| The data |
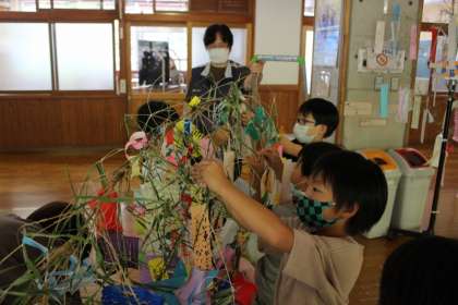 0707 ひまわり・1・2年生 七夕会 公開日 2022/07/07 更新日 2022/07/07 お知らせ 7月7日「七夕の節句」の日にちなんで、七夕会をしました。短冊に願いを書いて笹の葉に飾りました。なぜ笹の葉に飾るのかについては紙芝居で学びましたね。
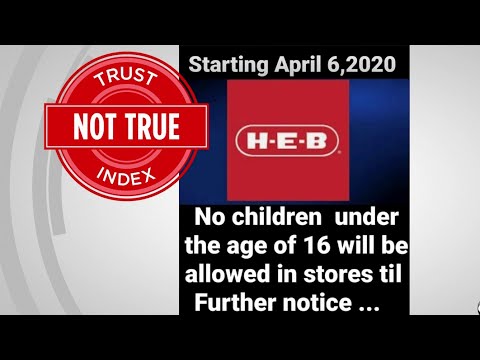 A misinformation going around is H-E-B stores (maybe a few others ) are imposing Age restrictions. They are not this is a lie spread by folks mad that kids aren’t at home for their safety. Single Parents,Abuser at home,to ones with the newborn twins or triplets so send one kid with Dad/Mom because theirs no one to watch their kid/kids for that time -do not have to starve ! Kids are still allowed in stores they know some don’t have the luxury to leave kids at home. So if you hear a young parent say this let them know it’s a fake article spreading.
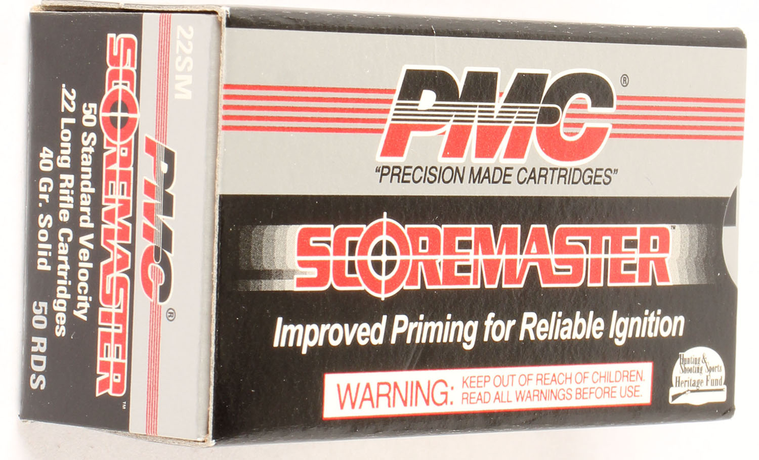 PMC, Scoremaster, .22 Long Rifle, Standard Velocity, 40 Grain Solid, Not in RHWeb, Full, 1pc. Black gray & red box, box is MINT with minty color, corners are sharp, edges are crisp, end flaps are solid, ammo is minty. Grade: MINT - Value: 4 to 10
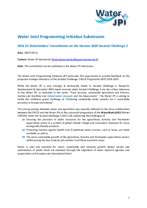 Consultation on H2020 Societal Challenge 2 WP 2018-2020

| Work instruction |
Exact repetition is the task: every line from the start of the data to the line with "A misinformation going", inclusive, and none after it, pictures omitted.

| Task answer |
 0707 ひまわり・1・2年生 七夕会 公開日 2022/07/07 更新日 2022/07/07 お知らせ 7月7日「七夕の節句」の日にちなんで、七夕会をしました。短冊に願いを書いて笹の葉に飾りました。なぜ笹の葉に飾るのかについては紙芝居で学びましたね。
 A misinformation going around is H-E-B stores (maybe a few others ) are imposing Age restrictions. They are not this is a lie spread by folks mad that kids aren’t at home for their safety. Single Parents,Abuser at home,to ones with the newborn twins or triplets so send one kid with Dad/Mom because theirs no one to watch their kid/kids for that time -do not have to starve ! Kids are still allowed in stores they know some don’t have the luxury to leave kids at home. So if you hear a young parent say this let them know it’s a fake article spreading.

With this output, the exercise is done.